Pocos casos, no tan buenas noticias

Parece chocar con el sentido común, pero el hecho de que Venezuela presente estas anómalas bajas cifras de casos confirmados de Covid-19 es preocupante. Pongamos de lado por un minuto la cuestión de que los números son incontrastables por la censura impuesta por el gobierno de Nicolás Maduro, quien comparece marcialmente todos los días con unos números stajanovistas, heroicos. El asunto central es más bien el de la historia natural de las epidemias. Estas cesan cuando una mayoría muy apreciable de la población deja de contagiar porque se ha vuelto inmune al virus. Hay dos maneras de que eso ocurra: Vacunación y exposición. No hay por ahora vacuna contra el Covid-19, por lo que la inmunidad social (para no llamarla “inmunidad de rebaño”) solo puede provenir de que la mayor cantidad de gente posible sea expuesta al virus.

No es tanto la cantidad sino la velocidad

La lucha de estas semanas en todo el mundo ha consistido en intentar bajar la velocidad de contagio, de modo que ese 10% de los contagiados que necesitará cuidados hospitalarios pueda ser atendido, dadas las capacidades de la infraestructura sanitaria.

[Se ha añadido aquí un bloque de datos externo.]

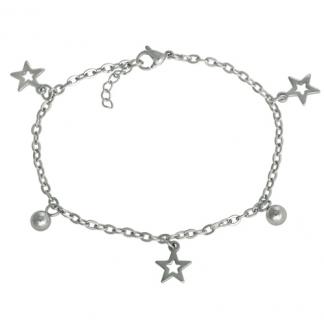 Stainless Steel Necklace In steel color with 2 beads and 3 star charms
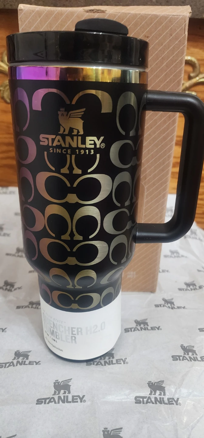 This is a Stanley "C" logo tumbler, a collaboration with Coach. It features a double-wall vacuum insulation and a comfort-grip handle. The tumbler holds 30 oz.

La cuarentena generalizada permite lograrlo, pero deja intacto el problema de fondo: Que en algún momento casi todos deberemos contagiarnos para ser inmunes. Ese es el dilema del des-confinamiento que ahora los países que ya pasaron por lo peor tienen que enfrentar. Ciertamente la carrera por la vacuna es tan feroz que quizás se disponga de alguna antes de lo previsto, pero su masificación (literalmente, su hiper-masificación) será un proceso lento. Mientras tanto, solo queda apostar a “cronificar” la epidemia.

Aplanar la curva no es eliminarla

En realidad la estrategia correcta consiste en correr la arruga, estirar la curva, de tal manera que no se acumulen casos graves simultáneamente sino que se distribuyan a lo largo del tiempo. Pero es necesario que se adquiera esa inmunidad social, es decir, que haya muchos casos de infectados (y mucha capacidad de atención de los casos graves, evidentemente). Que no los tengamos en nuestro país como sí sucede con otros países latinoamericanos que están casi en el mismo estadio de progresión de la epidemia solo indica (en el caso de que los datos sean ciertos) que la adquisición de esa inmunidad tardará mucho más y la cuarentena tendría que prolongarse, lo que desde ya luce imposible.

El maleficio de la duda

Para variar, Venezuela es excepción: Un número bajísimo de casos “confirmados” y un número extraordinariamente alto de pruebas. Y una cuarentena que se extiende pero que cada día se respeta menos. Se han sugerido todo tipo de hipótesis para explicar esta paradoja. Desde el aislamiento que ya veníamos padeciendo (aunque precisamente con China se mantenía un intercambio constante), hasta la simple mentira y ocultamiento, pasando por tesis como mayor inmunidad por la vacunación obligatoria para la tuberculosis, o por la precocidad con la que se decretó el confinamiento. Y es que las cifras de casos confirmados en otros países latinoamericanos son mucho mayores, y siguen una progresión parecida al resto del mundo, a pesar de que el número de tests aplicados es mucho menor. Con navaja de Occam en la mano, deberíamos inclinarnos por la explicación más simple: El gobierno miente siempre.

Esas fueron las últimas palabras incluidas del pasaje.